Role of RABL3 and KRAS

In contrast to somatic genetic mutations that occur during a lifetime and can cause cells to turn malignant, the mutation in RABL3 is a germline cancer susceptibility gene mutation. Specifically, the researchers said the RABL3 mutation accelerates the movement of a known pancreatic cancer protein, KRAS, within the cell. This alteration facilitates the placement of KRAS in the cell membrane and triggers a series of events that promote cancerous growth. Because KRAS activity is altered in a majority of pancreatic cancers, continued study of the RABL3 mutation’s impact on KRAS activity could provide important insights about pancreatic cancer development as well as a new strategy for targeted therapy, said the scientists.

“This work highlights the power of studying and understanding rare family syndromes: from just one family, we have uncovered broadly important insights into pancreatic cancer and how we may better prevent or treat it,” said Dr.

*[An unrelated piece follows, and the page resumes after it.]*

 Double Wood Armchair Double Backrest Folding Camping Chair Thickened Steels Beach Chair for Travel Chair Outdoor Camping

Nissim.

The researchers emphasized that the RABL3 mutation is rare in the general population but said that testing for it may reveal the genetic predisposition in other families with an unsolved hereditary cancer syndrome. Identifying a mutation in these families would help guide which relatives should consider pancreatic cancer screening.

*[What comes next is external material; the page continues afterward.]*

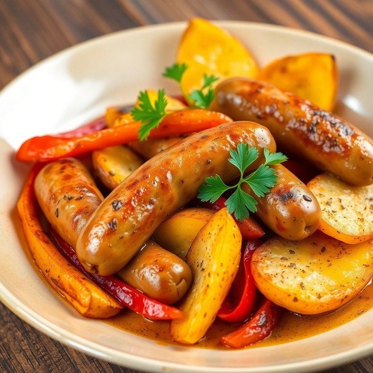 - Запеченные сосиски с перцем и картофельными дольками в стиле испанской кухни

“While testing for this specific genetic mutation is not available on current commercial genetic testing panels, we anticipate that the commercial tests will incorporate mutations in this gene in future panels,” said Dr. Nissim. “We anticipate that testing for this genetic mutation will be recommended in any individual with a strong family history of pancreatic cancer.”

Disclosure: The research was supported by the National Institutes of Health, the National Pancreas Foundation, the Harvard Digestive Diseases Center, the Burroughs Wellcome Fund, the Pew Charitable Trusts, the Ken and Louise Goldberg Award, the Anna Fuller Fund, and the Claudia Adams Barr Program for Innovative Cancer Research. For full disclosures of the study authors, visit nature.com.

The content in this post has not been reviewed by the American Society of Clinical Oncology, Inc. (ASCO®) and does not necessarily reflect the ideas and opinions of ASCO®.